WORK REQUEST: Begin with the opening line of the records and extract each line through the one holding "In addition to"; pictures are not part of the copy.

*** Opening MATERIAL PROVIDED ***

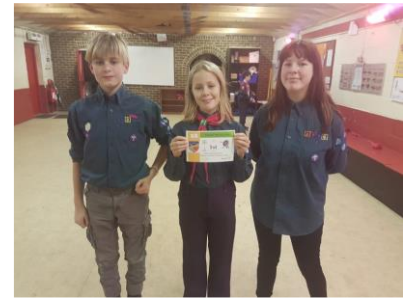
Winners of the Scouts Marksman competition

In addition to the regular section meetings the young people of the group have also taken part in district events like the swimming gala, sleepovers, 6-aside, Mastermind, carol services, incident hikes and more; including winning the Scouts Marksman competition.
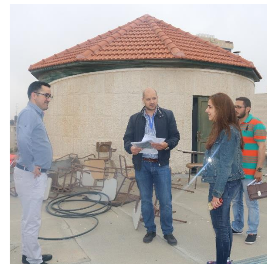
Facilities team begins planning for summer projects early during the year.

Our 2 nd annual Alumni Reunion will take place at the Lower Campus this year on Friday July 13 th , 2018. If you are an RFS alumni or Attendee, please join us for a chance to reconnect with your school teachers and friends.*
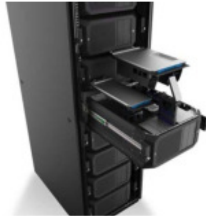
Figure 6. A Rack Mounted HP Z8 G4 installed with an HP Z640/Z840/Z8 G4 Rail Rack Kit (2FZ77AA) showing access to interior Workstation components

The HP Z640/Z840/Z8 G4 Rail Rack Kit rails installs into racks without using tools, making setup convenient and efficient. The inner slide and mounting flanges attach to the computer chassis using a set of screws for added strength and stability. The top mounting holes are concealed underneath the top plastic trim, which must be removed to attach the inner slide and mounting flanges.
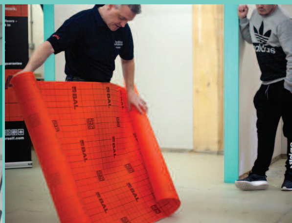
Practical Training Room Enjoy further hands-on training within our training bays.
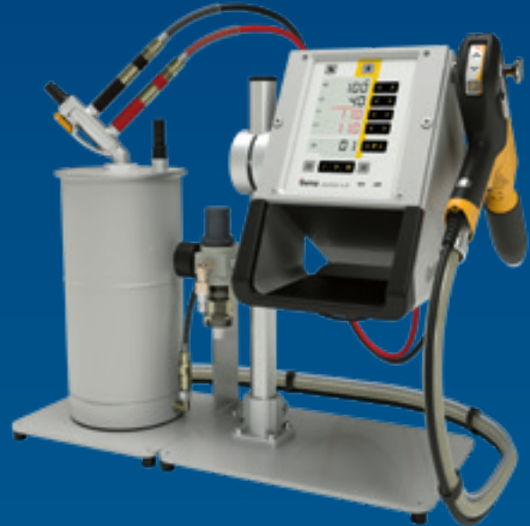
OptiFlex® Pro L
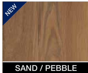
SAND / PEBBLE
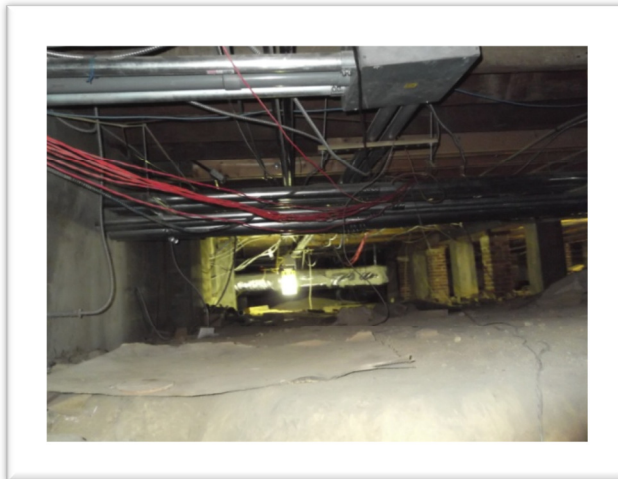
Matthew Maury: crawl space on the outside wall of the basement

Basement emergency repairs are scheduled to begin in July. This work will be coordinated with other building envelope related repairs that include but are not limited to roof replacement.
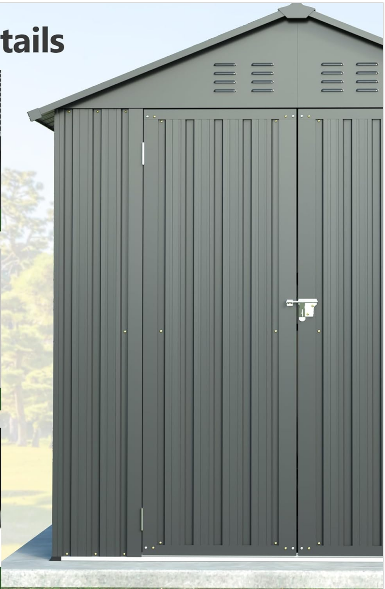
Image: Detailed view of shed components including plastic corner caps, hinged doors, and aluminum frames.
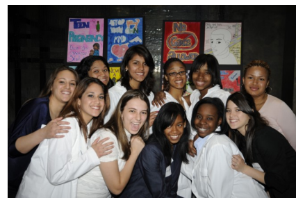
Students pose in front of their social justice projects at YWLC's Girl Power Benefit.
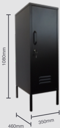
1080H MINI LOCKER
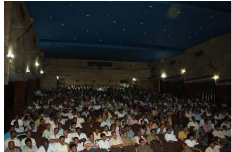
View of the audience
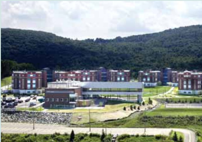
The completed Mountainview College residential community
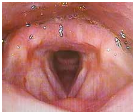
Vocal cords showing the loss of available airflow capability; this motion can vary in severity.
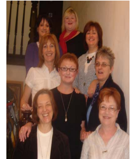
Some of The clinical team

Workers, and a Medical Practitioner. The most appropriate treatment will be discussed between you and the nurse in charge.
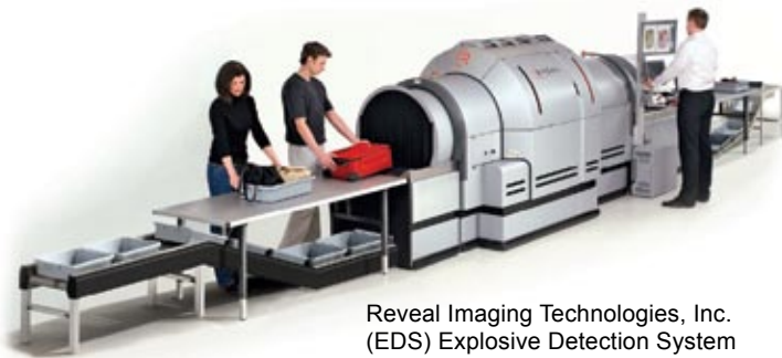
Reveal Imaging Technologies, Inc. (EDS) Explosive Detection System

*** Closing MATERIAL PROVIDED ***

RESULT:
Winners of the Scouts Marksman competition

In addition to the regular section meetings the young people of the group have also taken part in district events like the swimming gala, sleepovers, 6-aside, Mastermind, carol services, incident hikes and more; including winning the Scouts Marksman competition.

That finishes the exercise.